PSR-3 logging has been fully supported in MediaWiki since1.25wmf5. We've been making various tuning improvements since then including a recent deprecation of the initial MWLogger wrapper class in favor of direct usage of Psr\Log\LoggerInterface by wfDebugLog() and other internal wrapper methods [2].
The next big step in introducing structured logging to MediaWiki is to begin to replace calls to wfDebugLog() (and dear god wfDebug()) with direct usage of Psr\Log\LoggerInterface instances. Kunal and I have a couple starter patches that show this in gerrit [3]. In both conversions we have chosen to implement Psr\Log\LoggerAwareInterface in the effected classes to allow setter based injection of a LoggerInterface. The log channel names were also chosen to match the previous wfDebugLog logGroup values. When you use a PSR-3 logger you need to choose a severity for each log message. PSR-3 has quite a few possible levels, but I'd like to propose that we really only need 4 to start with in MediaWiki:
* debug: Useful for ummm.... debugging. :) These are messages that are useful for local development and are generally too "spammy" to output on a production wiki. This would typically include anything currently being logged via wfDebug. * info: Valuable state change information. This level is a great place to record information that would be useful in a production environment when tracing the path of a request that eventually had an error. * warning: A soft error condition such as a recoverable error or another condition that typically should not be seen but isn't halting for the operation in process * error: A hard error such as a caught exception with no recovery path.
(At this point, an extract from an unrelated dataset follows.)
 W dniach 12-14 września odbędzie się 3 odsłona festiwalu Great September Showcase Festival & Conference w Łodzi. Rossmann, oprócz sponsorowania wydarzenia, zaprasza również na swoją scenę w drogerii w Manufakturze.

The notice, critical, alert and emergency log levels seem unnecessary to me, but I'm willing to hear arguments about where they are super duper useful for some log event state that I haven't thought of yet.
When thinking about Wikimedia cluster logging, events emitted at warning and error levels should be things that you want deployers and operations staff to see in the Logstash "fatalmonitor" view and recorded to other durable logging stores. Events at info level may or may not be captured similar to how we currently enable some but not all wfDebugLog channels. Events at debug level will probably only be captured in beta labs and similar low volume debugging environments.
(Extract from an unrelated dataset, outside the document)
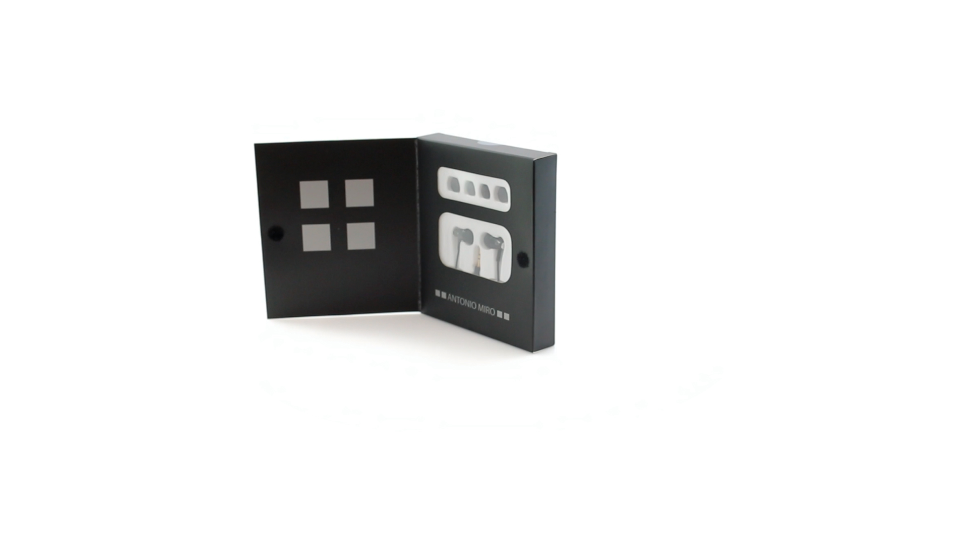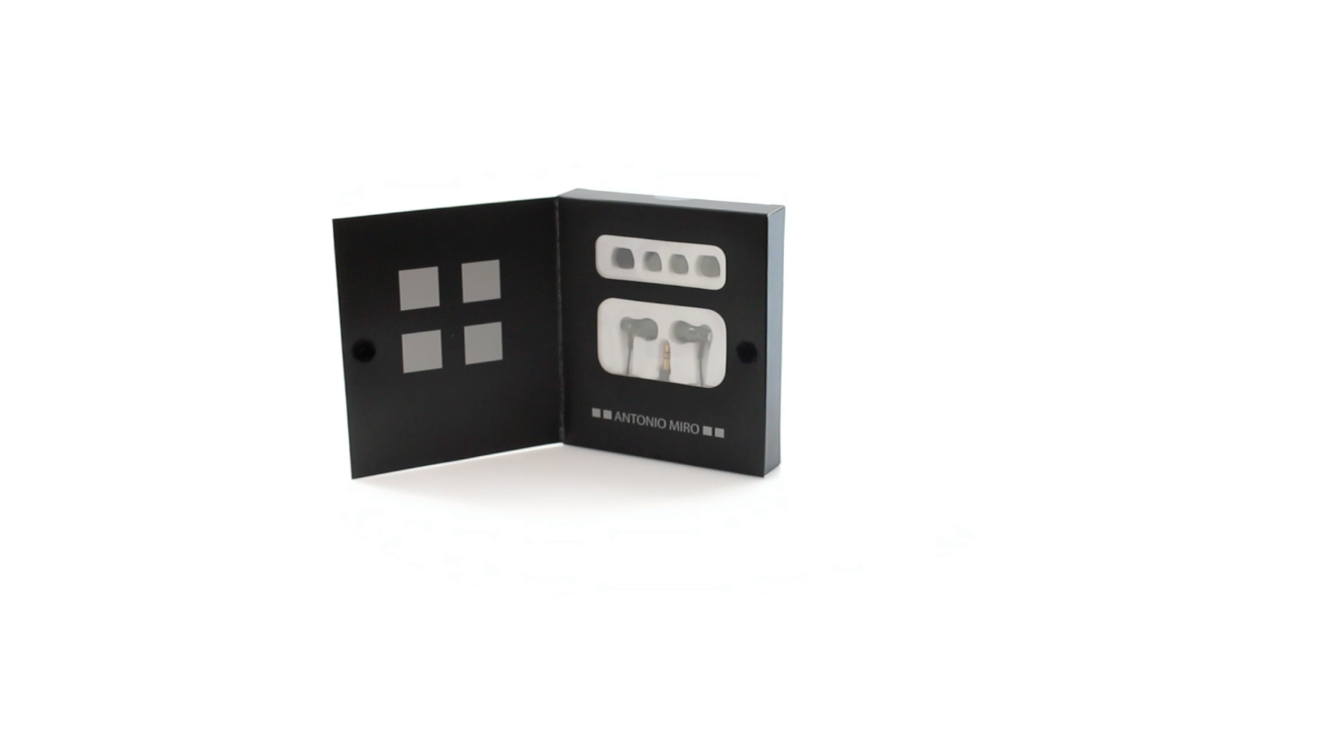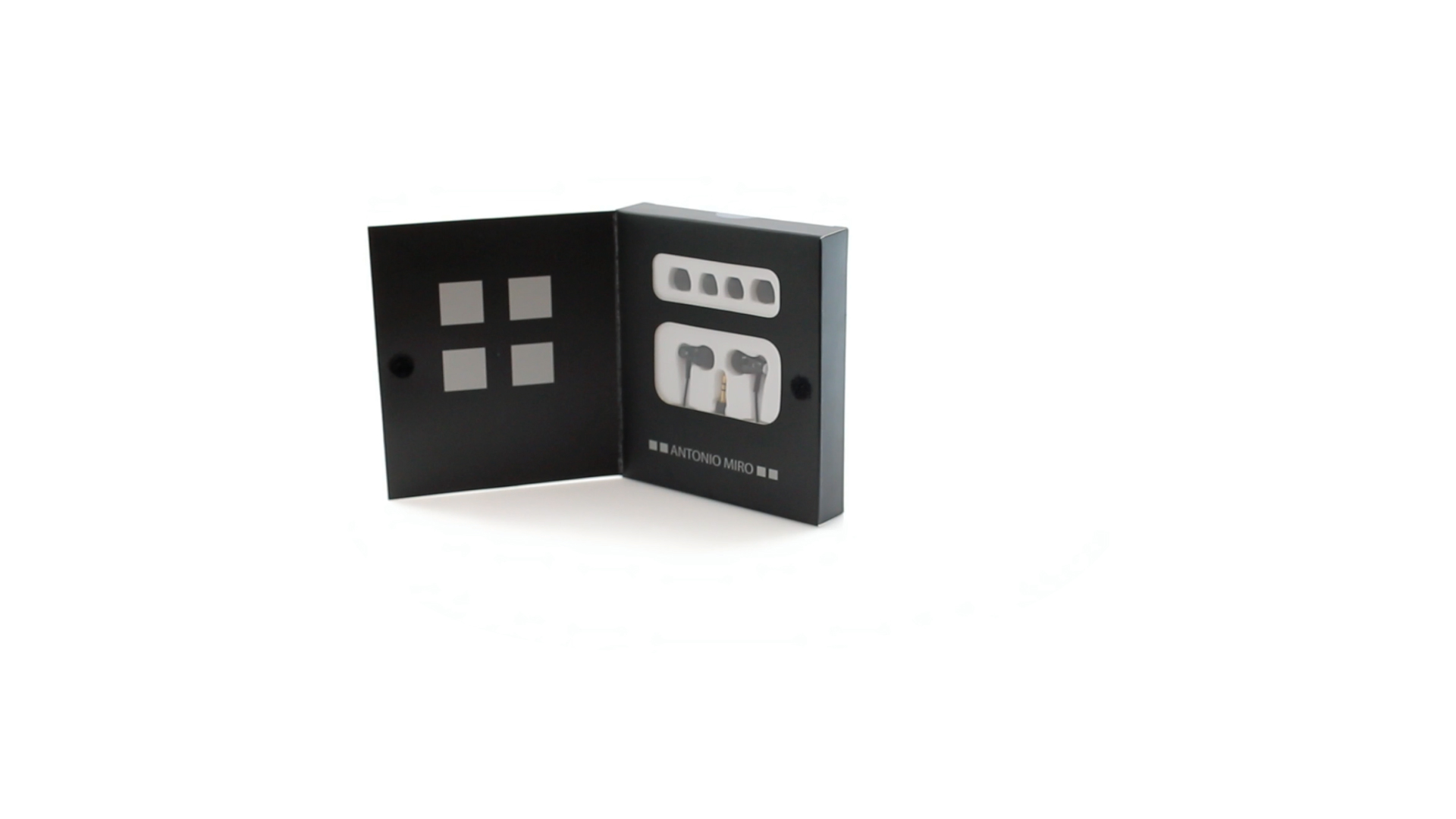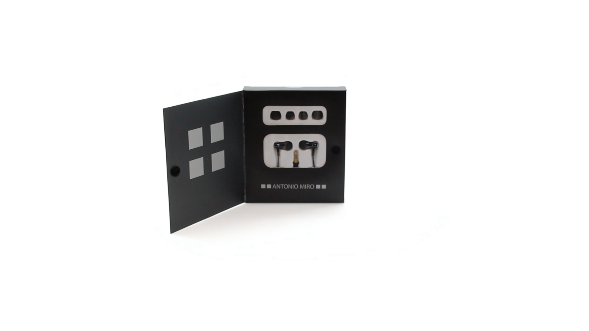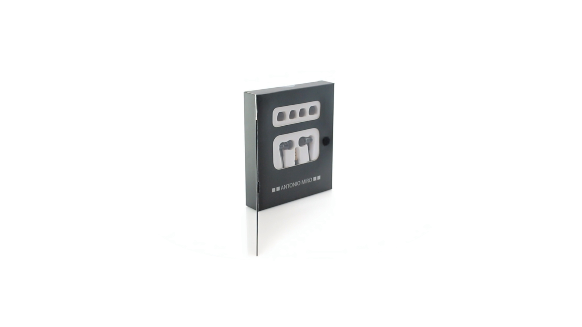 In-Ear-Kopfhörer von Antonio Miró mit minimalistischem Design in Schwarz und angenehm geschmeidiger Oberfläche. Mit farblich passendem Kabel, 3,5-mm-Klinkenstecker und Ersatzpolstern. Präsentiert in einer attraktiven Designbox mit dem Markenlogo.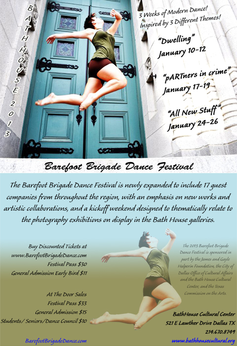 Milton Adams (FW), ChinaCat Dance (Houston), Circuitous Dance/Kate Warren (Austin), Collective Force Dance Company (FW), Dance Club (Austin), Dance Unending(Lewisville), Jenefer Davies (VA), DGDG – Danielle Georgiou Dance Group (Dallas), Melissa Eidson, Marea Productions, FireWalk Dance (Frisco), The Fort Worth Poetry Society, Kathy Dunn Hamrick Dance Company (Austin), imPULSE dance project (Lewisville), Tina Mullone (LA/TX), Amy Myers & Chris Archer (Austin), Sarah Newton (Dallas), Claudia Orcasitas (Euless), Crickett Pettigrew (FW), Preston Contemporary Dance Theatre (FL), Project IN Motion (NM), Marianne Shih (Dallas), Nikki DeShea Smith (Euless), SOUND CULTURE/Tammy Gomez (FW), Ronald Watson (FW), Tim Wilkendorf (MN)

The wfDebug* methods are not being deprecated officially yet but it would be great if people started treating them like they were deprecated when writing new classes. It would be even more awesome if more folks started making small cleanup patches to convert existing classes to the new style of logging. Tagging gerrit reviews for these patches with "PSR-3" as either a submitter or a reviewer would also be appreciated.
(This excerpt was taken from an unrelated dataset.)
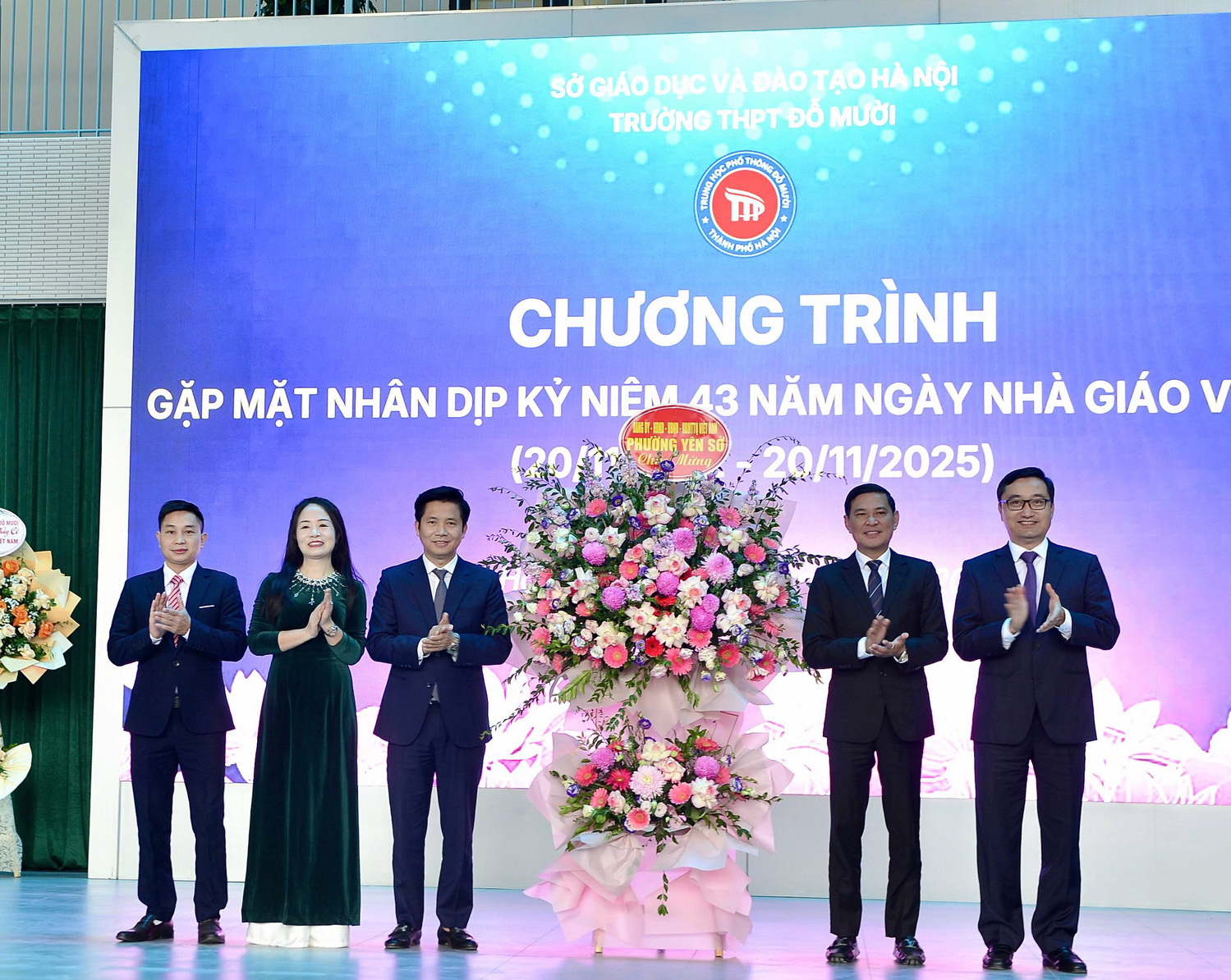 Đại diện lãnh đạo phường Yên Sở phát biểu tại Lễ kỷ niệm Buổi lễ trở nên lắng đọng khi Thầy Hiệu trưởng chia sẻ về 5 giá trị cốt lõi của trường: “Yêu thương - Tôn trọng - An toàn - Được hiểu - Có giá trị” và khẳng định quyết tâm xây dựng Trường THPT Đỗ Mười là ‘Trường học hạnh phúc’ - Nơi thầy cô hết lòng tận tụy, học sinh được thấu hiểu và phát triển toàn diện.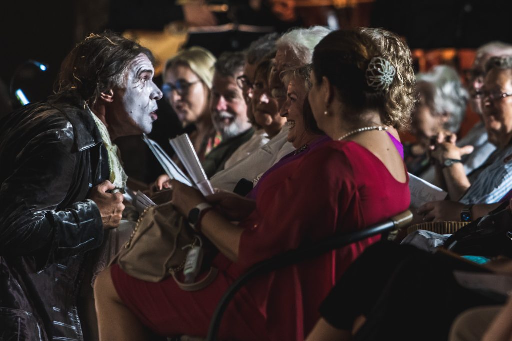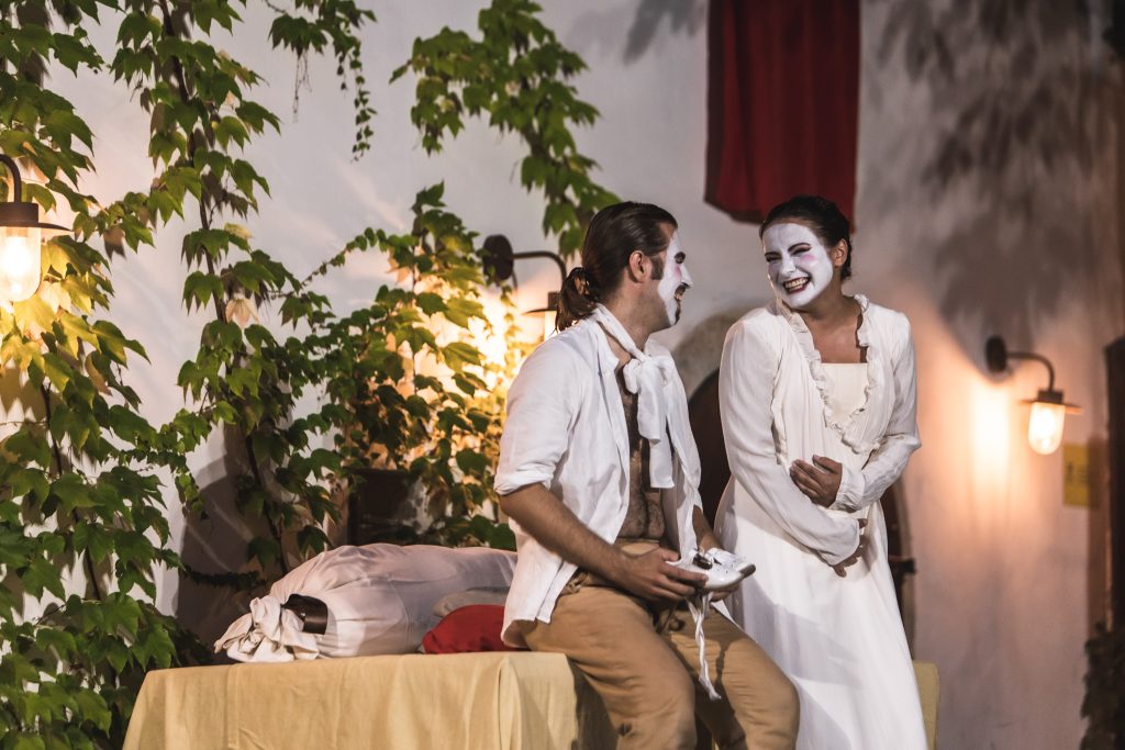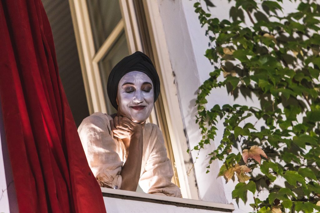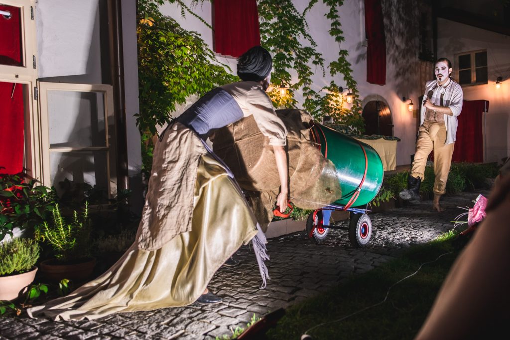 Protagonisti nevyužili len priestor domu Arsénie, v ktorej sa scéna nachádza, domnelú ulicu pred domom, ktorú tvoril chodníček v záhrade, ale i priestor pódia, na ktorom sa nachádzal orchester. Situovanie orchestra po pravom boku hľadiska sa ukázalo nielen ako akusticky vhodné, ale i priestorovo. Zvuk sa dobre niesol do vonkajšieho priestoru smerom k divákom, ktorí svoju pozornosť mohli obrátiť nielen na trojicu spevákov, ale i na hudobníkov. A samozrejme, protagonisti dostatočne využili aj priestor, kde sedeli samotné diváci – na intenzívnu neverbálnu komunikáciu s nimi.

[0]: https://gerrit.wikimedia.org/r/#/c/119940/ [1]: https://gerrit.wikimedia.org/r/#/c/185210/ [2]: https://gerrit.wikimedia.org/r/#/c/184830/ [3]: https://gerrit.wikimedia.org/r/#/q/project:mediawiki/core+branch:master+topi...
Bryan
Huge thanks for this -- logging with wfDebug() and friends has always been a little primitive, and this is both more flexible and lets us remove some of our weird custom code. :)
-- brion
On Thu, Jan 29, 2015 at 11:45 PM, Bryan Davis bd808@wikimedia.org wrote:
PSR-3 logging has been fully supported in MediaWiki since1.25wmf5. We've been making various tuning improvements since then including a recent deprecation of the initial MWLogger wrapper class in favor of direct usage of Psr\Log\LoggerInterface by wfDebugLog() and other internal wrapper methods [2].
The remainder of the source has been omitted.